● **WORK ORDER**:
Begin at the line below that has "Magträning hjälper barn" and stop after the line that has "Com mais de". Please restate only those lines, word for word.

● **DATA SECTION**:
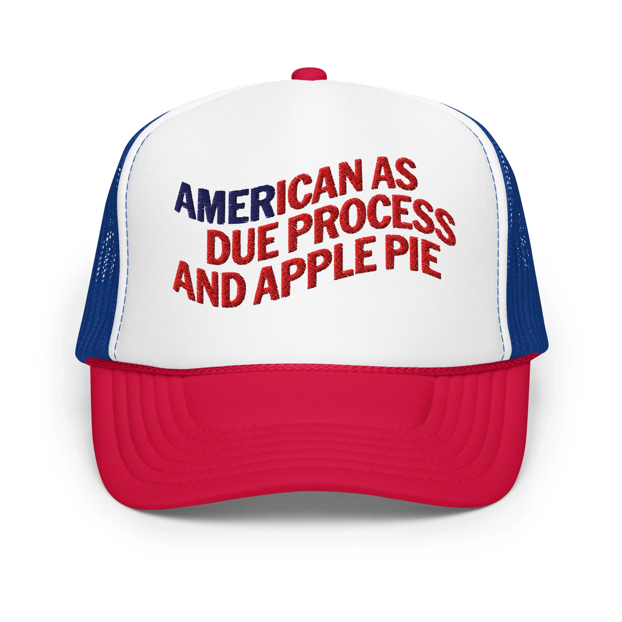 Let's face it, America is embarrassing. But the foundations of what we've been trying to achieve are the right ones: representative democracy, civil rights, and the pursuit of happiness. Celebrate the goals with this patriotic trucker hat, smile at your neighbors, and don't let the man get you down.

--

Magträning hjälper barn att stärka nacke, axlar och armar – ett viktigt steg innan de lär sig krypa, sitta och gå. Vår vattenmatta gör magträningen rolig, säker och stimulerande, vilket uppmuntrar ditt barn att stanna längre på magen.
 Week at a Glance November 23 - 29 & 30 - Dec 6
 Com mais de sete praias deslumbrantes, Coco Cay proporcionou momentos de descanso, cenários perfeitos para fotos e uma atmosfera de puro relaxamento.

● **WRITTEN SOLUTION**:
Magträning hjälper barn att stärka nacke, axlar och armar – ett viktigt steg innan de lär sig krypa, sitta och gå. Vår vattenmatta gör magträningen rolig, säker och stimulerande, vilket uppmuntrar ditt barn att stanna längre på magen.
 Week at a Glance November 23 - 29 & 30 - Dec 6
 Com mais de sete praias deslumbrantes, Coco Cay proporcionou momentos de descanso, cenários perfeitos para fotos e uma atmosfera de puro relaxamento.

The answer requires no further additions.